DATA EXTRACT
• • • • • • •

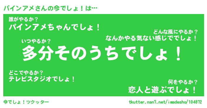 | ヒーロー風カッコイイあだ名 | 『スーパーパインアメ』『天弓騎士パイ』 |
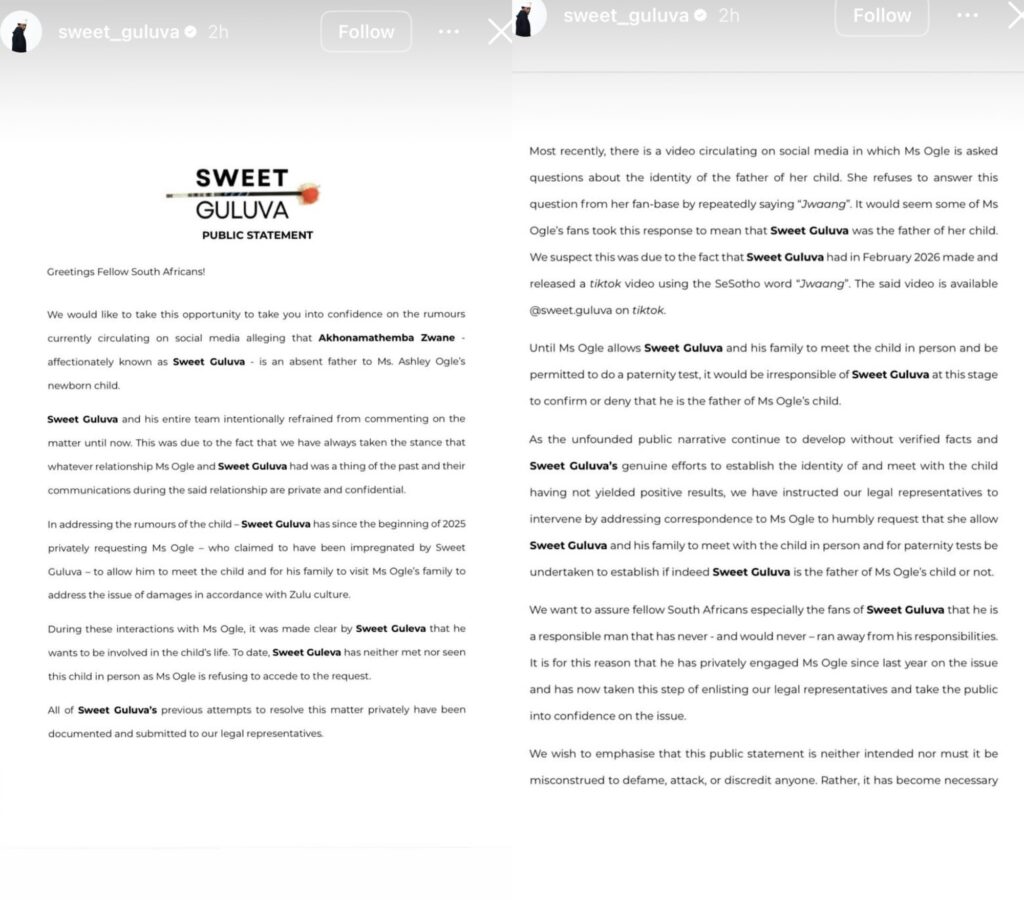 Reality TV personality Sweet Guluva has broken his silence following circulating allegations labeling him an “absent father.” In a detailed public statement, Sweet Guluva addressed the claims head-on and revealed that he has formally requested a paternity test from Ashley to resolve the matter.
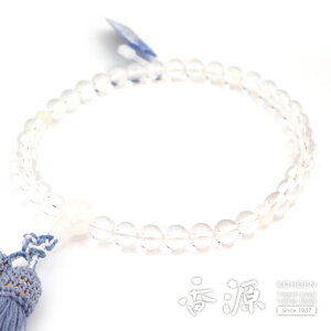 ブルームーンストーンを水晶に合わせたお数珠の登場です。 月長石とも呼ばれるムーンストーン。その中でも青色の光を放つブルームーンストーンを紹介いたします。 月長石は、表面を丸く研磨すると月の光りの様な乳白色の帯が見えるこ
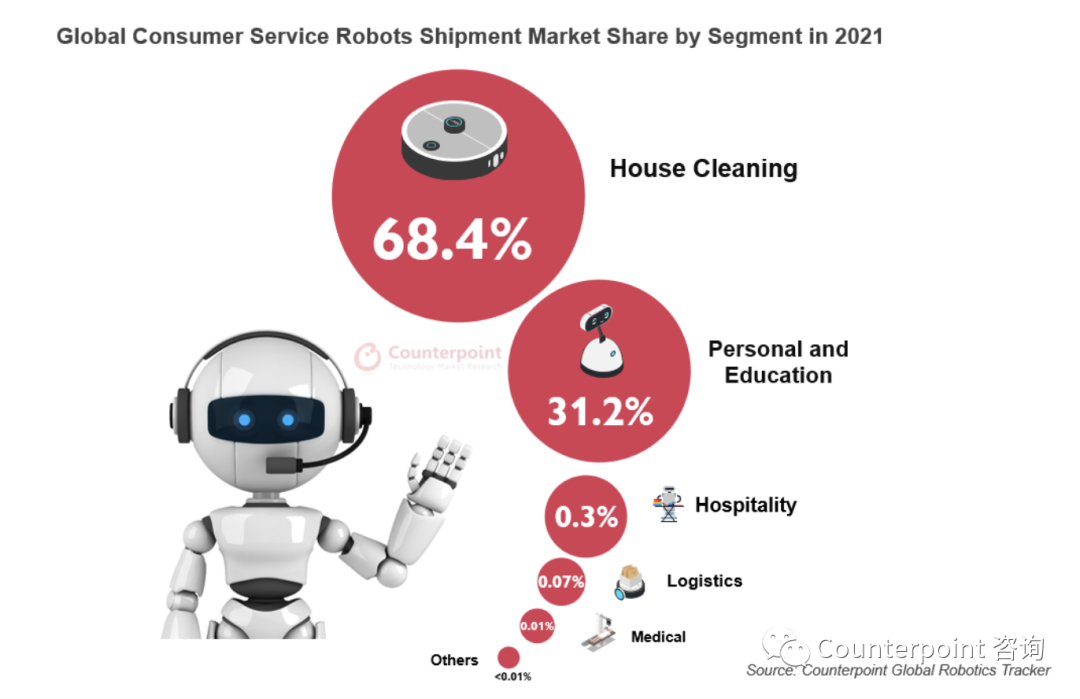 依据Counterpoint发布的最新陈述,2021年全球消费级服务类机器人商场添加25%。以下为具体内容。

• • • • • • •

TASK
What is needed is an exact copy of the data, without any pictures.

RESPONSE TO THE TASK
 | ヒーロー風カッコイイあだ名 | 『スーパーパインアメ』『天弓騎士パイ』 |
 Reality TV personality Sweet Guluva has broken his silence following circulating allegations labeling him an “absent father.” In a detailed public statement, Sweet Guluva addressed the claims head-on and revealed that he has formally requested a paternity test from Ashley to resolve the matter.
 ブルームーンストーンを水晶に合わせたお数珠の登場です。 月長石とも呼ばれるムーンストーン。その中でも青色の光を放つブルームーンストーンを紹介いたします。 月長石は、表面を丸く研磨すると月の光りの様な乳白色の帯が見えるこ
 依据Counterpoint发布的最新陈述,2021年全球消费级服务类机器人商场添加25%。以下为具体内容。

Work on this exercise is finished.